Google+ Georgia On My Mind: January 2012

Wednesday, January 25, 2012

Old Dan Tucker

As a young girl I became hooked on Laura Ingalls Wilder back when her books were the thing…..not the television show and the subsequent re-runs….but the honest to goodness turn-the-page books.   When I read On the Banks of Plum Creek I had what I believe to be my introduction to the song Old Dan Tucker.

Here are the lyrics as they appeared in Ingall’s book, but there are other versions as well.

Old Dan Tucker was a fine old man
He washed his face in the frying pan
He combed his hair with a wagon wheel
And died of the toothache in his heel

Get out the way for old Dan Tucker
He's too late to git his supper
Supper's over and dishes washed
Nothing left but a piece of squash

Old Dan Tucker went to town
Riding a mule and leading a hound
Hound barked and mule jumped
Threw old Dan right over a stump…..

Most references state Old Dan Tucker became a minstrel hit in 1843 when a troupe of white men who performed in blackface began to sing it.  They sang in Black Vernacular English and called themselves the Virginia Minstrels.  Though the lyrics Laura Ingalls Wilder placed in her book seem a little tame they actually tell the story of how Dan Tucker visits a strange town where he is the epitome of a bad guest.  You name it he does it – he fights, he gets drunk, he overeats, etc.   As other minstrel groups added the song to their playlist they removed and added lyrics as they wished.Just as there are many versions to the lyrics there are just as many versions regarding how the song came to be.
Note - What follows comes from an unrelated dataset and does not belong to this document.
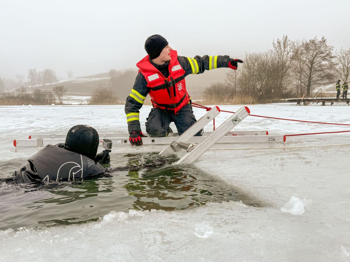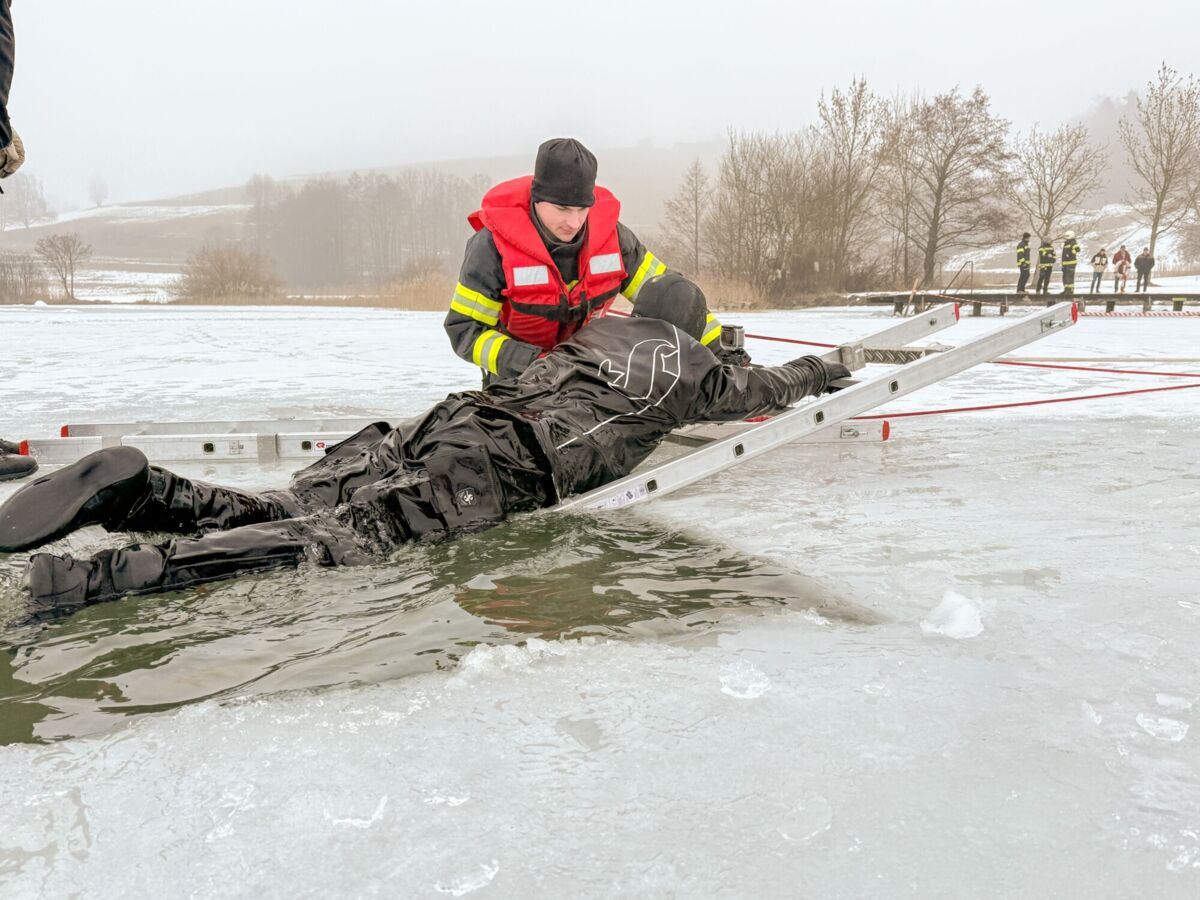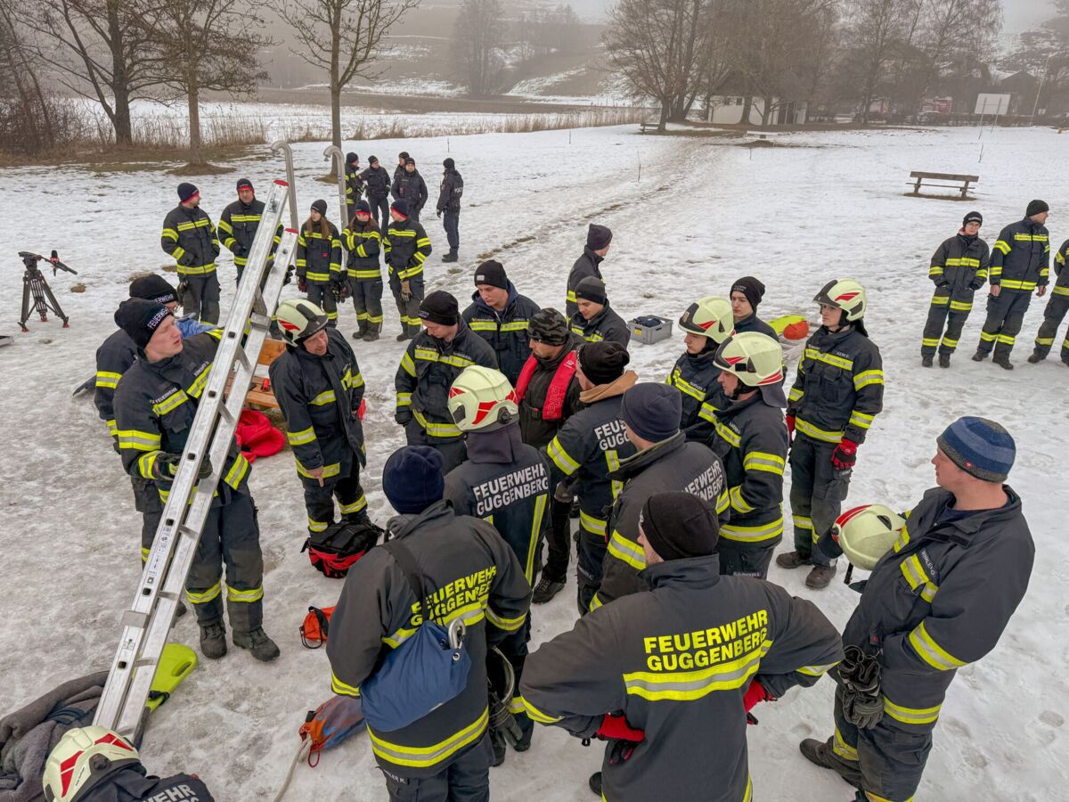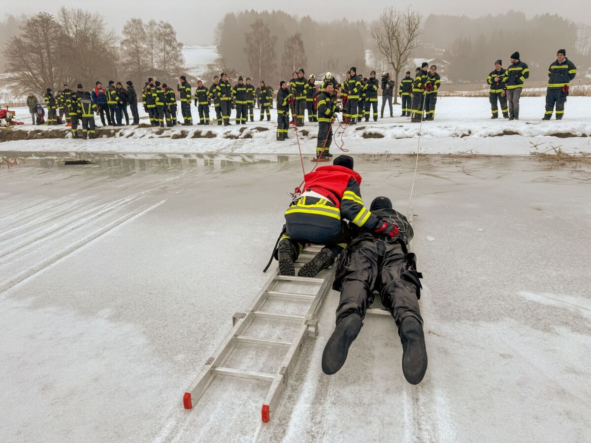Der Feuerwehrtaucher und Tauchgruppenleiter Jonathan Hansel schulte und vertiefte das vorhandene Wissen der Einsatzkräfte zum Thema Eisrettung, Unterkühlung und Belastbarkeit der Eisfläche. Bevor es zu den Praxisübungen auf den Irrsee ging, berichtete noch der Polizist, der versucht hatte, die eingebrochenen Frauen zu retten von der Rettungsaktion.

Dan Emmett, the leader of the Virginia Minstrels, claimed to have written Old Dan Tucker when he was 14 years old and living in Mount Vernon, Ohio.   In interviews he stated he named the character after himself and his dog, Tucker.   Emmett is also credited with having written the song Dixie as well…..but that’s another story for another time.

The Georgia connection with Old Dan Tucker involves Elbert County.  Their Chamber of Commerce promotes a story that states the Dan Tucker in the song actually lived in Elbert County where he was a farmer, ferryman, and minister.  This particular Dan Tucker was originally born in Virginia in 1740 and ended up fighting in the American Revolution.  As a ferryman he operated a boat that moved back and forth on the Savannah River between Georgia and South Carolina and owned a plantation referred to as "Point Lookout."  As a Methodist minister he worked with slaves.  The slaves actually wrote the song to honor him.  When Tucker died in 1818 he was laid to rest in a grave along Heardmont Road in Elbert County, Georgia where a state historical marker is located today.

Unfortunately, we may never truly know the source for the lively tune.